To do
When you copy from the entries that follow, take only the lines from the one with "牛十二生肖黑白简约中国风印花图案矢量插画" down to the one with "本网讯(科研处 供稿 摄影", keeping both ends and dropping every picture.

Extracted data
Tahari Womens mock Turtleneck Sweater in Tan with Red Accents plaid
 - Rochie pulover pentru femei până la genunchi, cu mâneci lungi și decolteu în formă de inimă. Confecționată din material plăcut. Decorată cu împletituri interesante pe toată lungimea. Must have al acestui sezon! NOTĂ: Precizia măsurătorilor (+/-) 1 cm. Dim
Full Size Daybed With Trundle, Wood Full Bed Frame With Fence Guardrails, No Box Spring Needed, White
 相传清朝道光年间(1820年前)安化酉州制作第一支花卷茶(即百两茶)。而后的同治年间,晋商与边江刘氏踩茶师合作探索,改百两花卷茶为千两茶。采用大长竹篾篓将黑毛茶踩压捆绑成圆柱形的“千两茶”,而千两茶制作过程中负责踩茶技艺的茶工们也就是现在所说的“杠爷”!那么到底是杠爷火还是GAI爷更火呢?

---

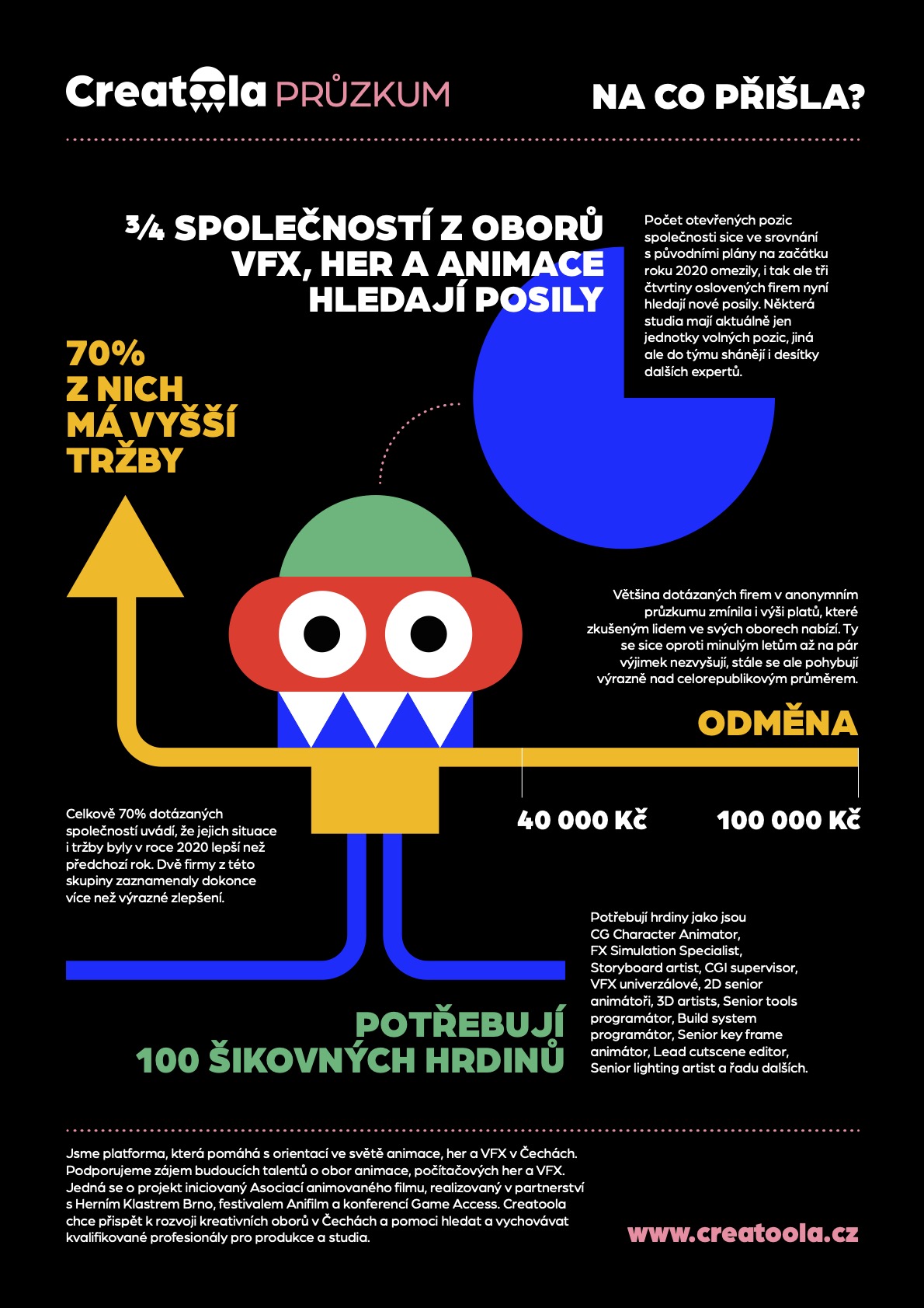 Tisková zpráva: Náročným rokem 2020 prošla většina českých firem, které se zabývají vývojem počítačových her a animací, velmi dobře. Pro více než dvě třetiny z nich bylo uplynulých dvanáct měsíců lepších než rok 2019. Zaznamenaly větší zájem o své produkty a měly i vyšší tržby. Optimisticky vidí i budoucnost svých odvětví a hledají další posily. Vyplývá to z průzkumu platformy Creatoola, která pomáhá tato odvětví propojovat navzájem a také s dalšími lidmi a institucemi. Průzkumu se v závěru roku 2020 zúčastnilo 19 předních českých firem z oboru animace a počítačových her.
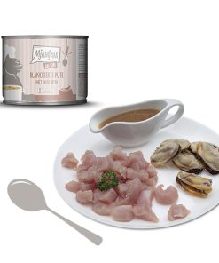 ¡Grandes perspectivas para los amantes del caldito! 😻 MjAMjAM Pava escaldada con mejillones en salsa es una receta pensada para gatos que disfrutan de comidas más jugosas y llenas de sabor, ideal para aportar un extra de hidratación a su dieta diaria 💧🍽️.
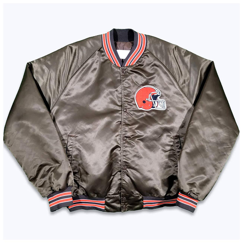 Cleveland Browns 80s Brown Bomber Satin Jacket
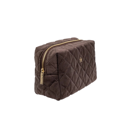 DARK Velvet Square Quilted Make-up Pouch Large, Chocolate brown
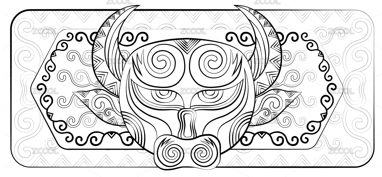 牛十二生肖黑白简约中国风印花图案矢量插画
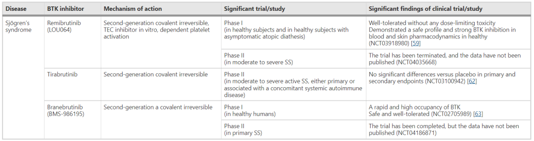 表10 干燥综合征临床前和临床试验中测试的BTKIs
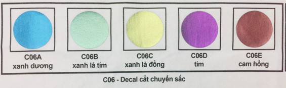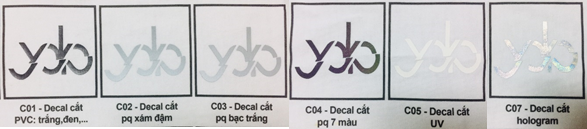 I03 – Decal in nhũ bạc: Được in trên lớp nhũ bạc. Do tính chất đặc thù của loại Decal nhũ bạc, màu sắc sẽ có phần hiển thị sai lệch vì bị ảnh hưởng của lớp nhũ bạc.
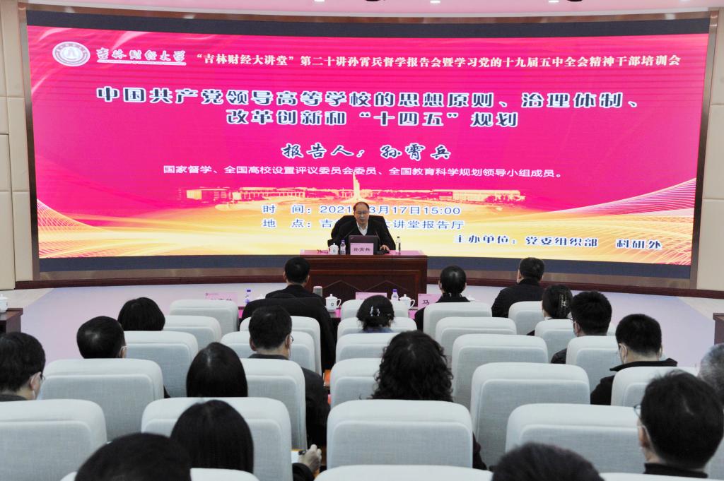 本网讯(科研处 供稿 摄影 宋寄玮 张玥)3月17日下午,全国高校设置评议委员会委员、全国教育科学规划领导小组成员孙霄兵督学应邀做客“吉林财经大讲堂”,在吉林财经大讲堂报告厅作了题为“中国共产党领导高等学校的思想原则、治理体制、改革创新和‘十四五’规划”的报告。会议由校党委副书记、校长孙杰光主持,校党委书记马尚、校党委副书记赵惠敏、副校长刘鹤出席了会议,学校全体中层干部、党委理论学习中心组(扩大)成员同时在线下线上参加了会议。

Response
 牛十二生肖黑白简约中国风印花图案矢量插画
 表10 干燥综合征临床前和临床试验中测试的BTKIs
 I03 – Decal in nhũ bạc: Được in trên lớp nhũ bạc. Do tính chất đặc thù của loại Decal nhũ bạc, màu sắc sẽ có phần hiển thị sai lệch vì bị ảnh hưởng của lớp nhũ bạc.
 本网讯(科研处 供稿 摄影 宋寄玮 张玥)3月17日下午,全国高校设置评议委员会委员、全国教育科学规划领导小组成员孙霄兵督学应邀做客“吉林财经大讲堂”,在吉林财经大讲堂报告厅作了题为“中国共产党领导高等学校的思想原则、治理体制、改革创新和‘十四五’规划”的报告。会议由校党委副书记、校长孙杰光主持,校党委书记马尚、校党委副书记赵惠敏、副校长刘鹤出席了会议,学校全体中层干部、党委理论学习中心组(扩大)成员同时在线下线上参加了会议。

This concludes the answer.